> [PROMPT]: The entries below contain pictures. Write out only the lines from the line with "可愛いあだ名 | 『なんなん』『なかもとあいりママ』 |" up to and including the line with "Запустите VPN с", exactly, without them.

> [DATA EXTRACT]:
###

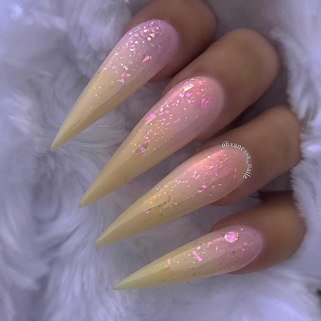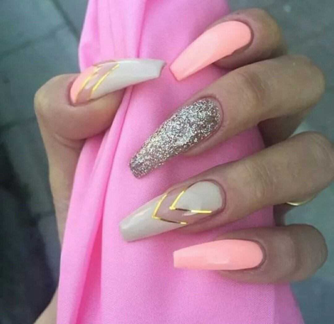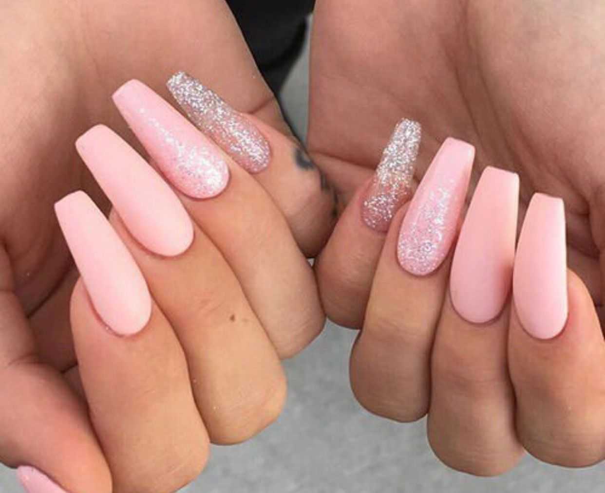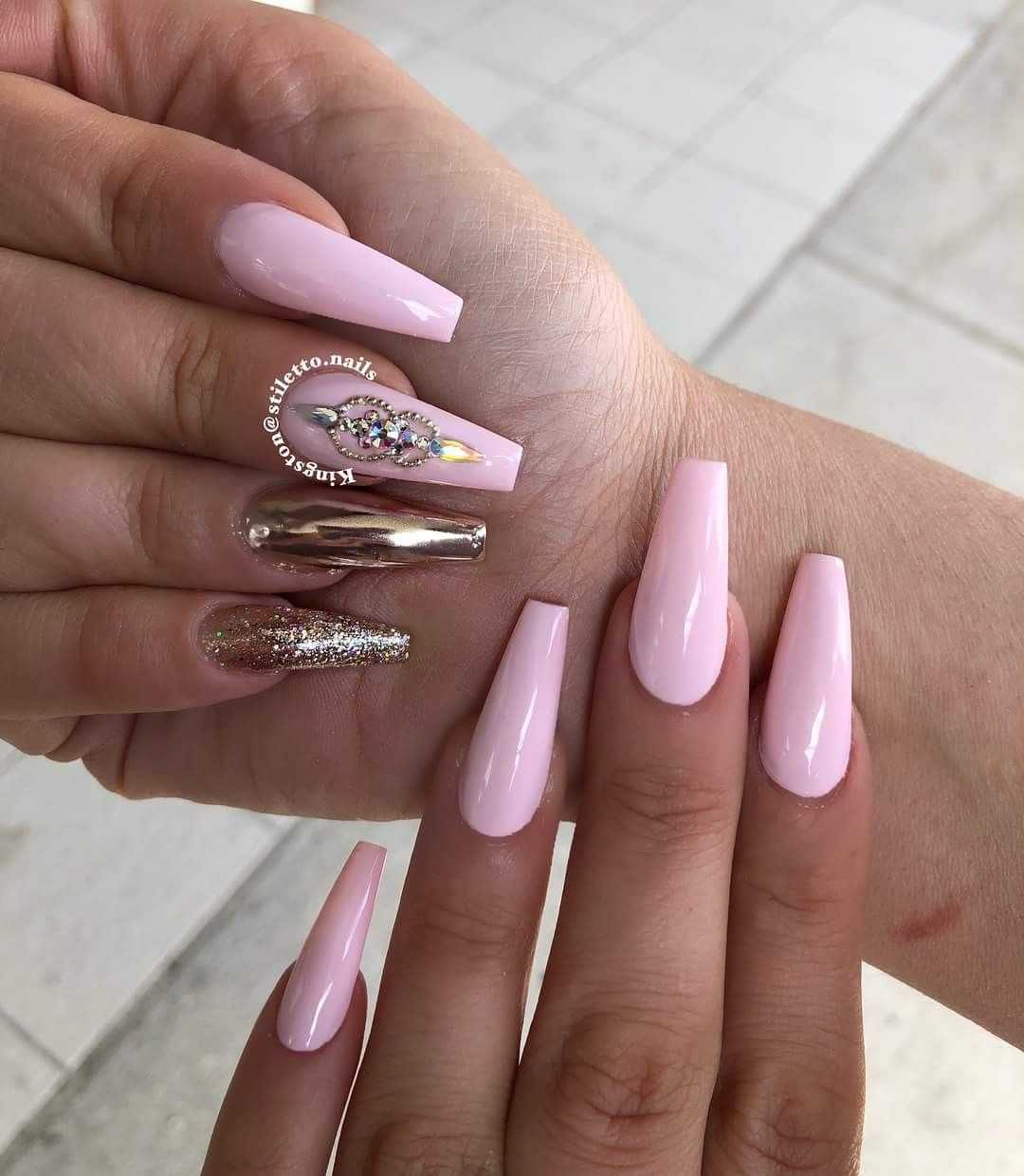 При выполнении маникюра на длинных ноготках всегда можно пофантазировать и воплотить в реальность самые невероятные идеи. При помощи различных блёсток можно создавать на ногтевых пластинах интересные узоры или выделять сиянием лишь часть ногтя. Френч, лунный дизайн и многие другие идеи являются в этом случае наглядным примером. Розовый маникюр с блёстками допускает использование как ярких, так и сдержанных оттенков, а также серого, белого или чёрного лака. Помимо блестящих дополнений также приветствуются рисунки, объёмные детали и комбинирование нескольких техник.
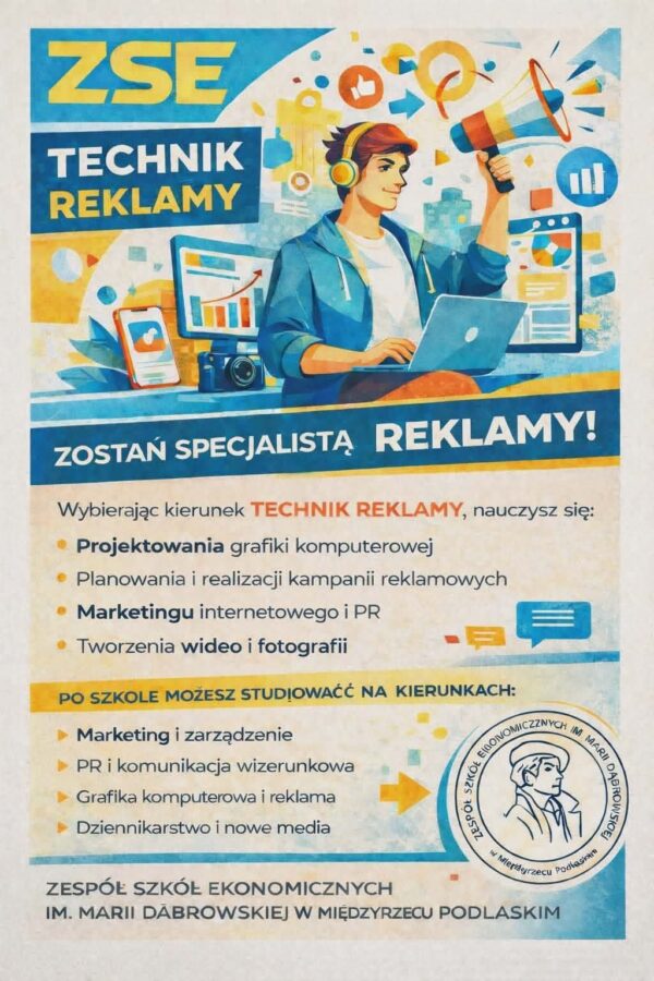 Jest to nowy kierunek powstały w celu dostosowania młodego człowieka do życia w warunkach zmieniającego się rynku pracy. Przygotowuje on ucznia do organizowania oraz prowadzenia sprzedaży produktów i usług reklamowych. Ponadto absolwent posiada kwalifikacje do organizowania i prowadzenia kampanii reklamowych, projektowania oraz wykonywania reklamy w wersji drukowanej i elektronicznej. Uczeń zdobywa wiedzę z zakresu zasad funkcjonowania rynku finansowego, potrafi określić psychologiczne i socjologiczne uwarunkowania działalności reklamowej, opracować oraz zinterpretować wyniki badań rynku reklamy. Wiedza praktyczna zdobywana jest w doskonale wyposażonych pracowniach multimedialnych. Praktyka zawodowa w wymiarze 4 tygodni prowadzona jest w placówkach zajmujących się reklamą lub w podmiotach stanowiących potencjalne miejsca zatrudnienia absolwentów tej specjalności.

###

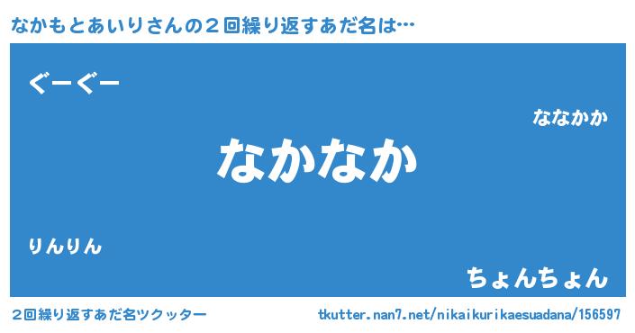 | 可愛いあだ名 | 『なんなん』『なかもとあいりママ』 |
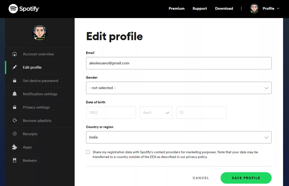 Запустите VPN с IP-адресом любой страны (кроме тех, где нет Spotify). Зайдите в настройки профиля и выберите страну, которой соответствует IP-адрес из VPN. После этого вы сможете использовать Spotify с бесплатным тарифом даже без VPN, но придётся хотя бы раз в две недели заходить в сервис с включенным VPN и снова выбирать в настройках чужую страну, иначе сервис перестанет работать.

###

> [TASK SOLUTION]:
 | 可愛いあだ名 | 『なんなん』『なかもとあいりママ』 |
 Запустите VPN с IP-адресом любой страны (кроме тех, где нет Spotify). Зайдите в настройки профиля и выберите страну, которой соответствует IP-адрес из VPN. После этого вы сможете использовать Spotify с бесплатным тарифом даже без VPN, но придётся хотя бы раз в две недели заходить в сервис с включенным VPN и снова выбирать в настройках чужую страну, иначе сервис перестанет работать.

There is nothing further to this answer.